I'm no longer a story. Happiness has made me fade into real life.

"The Stones of Summer" Dow Mossman
This has an interesting back story as the author wrote this in the mid 70's and disappeared from public life. I picked up a copy after hearing about it on NPR a while back. Another of those thick tomes that I almost threw out the window a couple of times but glad I stuck to it. Being a midwesterner myself may have helped, and I knew a few peers growing up who may have possessed the anger and resignation that drowns the Iowa native Dawes Oldham Williams (D.O.W.). Autobiographical? Maybe it's why Dow disappeared. In some ways it's as if Mossman was a seer as he jokingly refers to the outrageous notion of the actor Ronald Reagan becoming President. This was in 1972.

And he laughed, remembering it, sitting on the hill and saying the name, but he could see that words were only vessels for defining place, not time, because time had no vessels for defining itself, even in shadows, the way water forms itself in a jar.
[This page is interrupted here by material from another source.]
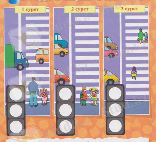 - Интербелсенді тақтадағы тапсырманы орындау. Онда көшедегі жағдайларға байланысты бағдаршамның көздерін сәйкестендіру.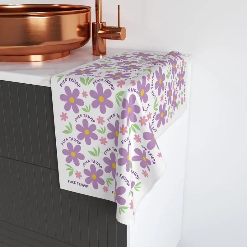Subtle F*ck Trump Hand Towel, Funny Political Home Decor, Daisy Kitchen Towel, Daisies Home Accessory, Sarcastic Liberal Gag Gift, FDT Towel

Words.

"Ya," he said, "but the ones he found by the frozen sled when no one else would go out and look? The half-dead ones and the baby he found lying under the only half-warm, pure-dee dead horses!?! How about the orphanage and school he built? Wasn't that part of it?"
"Yes," she said, "provided you need orphanages or schools in places you live, provided you live in a place that doesn't take in people and teach them, I guess some good along the way was a necessary accident, too"

It is an old dream. In the end a clown comes on stage. He is dressed like Charles J. Chaplin, and in black distances at the end of a candle he mimes his own face; he takes it off and examines it at length; he is distended, ballooning, and his motions fill in the light. He talks of social democracy. His eyes fold themselves, roll, are vaguely lost in the yellow sockets, and he is crying now. Slowly he begins miming himself mime himself. He becomes lost in fits of forgetfulness.
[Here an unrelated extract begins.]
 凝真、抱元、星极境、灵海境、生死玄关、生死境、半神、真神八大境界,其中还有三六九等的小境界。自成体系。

"Well," Travelin' Tommy said, "he thought about the fact that if you're a natural genius, with no place to go, and if you're floatin' down the river at night, just hearin' the dogs on the western shore howlin' at the fire in your pit, you either learn humor and humanity or you go mad in the end."

…The Catholics were holding another moonlight wake, behind him, across a yard of black and blowing trees. The air was dense, dreaming, heavy like ancestors...

...He moved on toward the bridge, rustling the sand and the long night-blooming edges of grass, learning only the small lesson that you carry yourself along, wherever you go; trying to unlearn the Americas myth that by changing place, you are also changing identity...

"Listen," Dawes Williams said, "screw on your ole bonnet of an attention span, Dorothy, and try concentrating on this very hard for awhile. Ready? Any," he began, "social science, a contradiction in sanity to begin with, constructed like soft religion upon absolute relative knowledge drawn from structured learning, reason, and assimilated research is mostly dangerous bunk that operates on the level of self-confirming prattle. It is not only an illusion in progress, a highly pseudo exercise, it is actually recessive in nature. An outgrowth of pragmatism really, it remains true to itself – the merest rote function – the great and inferior butterfly ghost of this century–and it, therefore, ranks unintuitive, unimaginative, unstoned and non-a priori disciplined social scientists – the great and misled butterfly nets of this century – a great deal lower on the chain of being than Celtic Druids drunk on the witch's eye of the moon. In fact," Dawes Williams said, "when one is drunk enough, one is more than tempted to say that all backward-moving evil in this century which cannot be directly traced to that false, unquestioned god mask Technology can be indirectly, irrevocably and finally traced to the nub-headed priests of that electric god mask, to social scientists – i.e., the New 'Methodists' – the leading ninnies...and ninn-y-poops."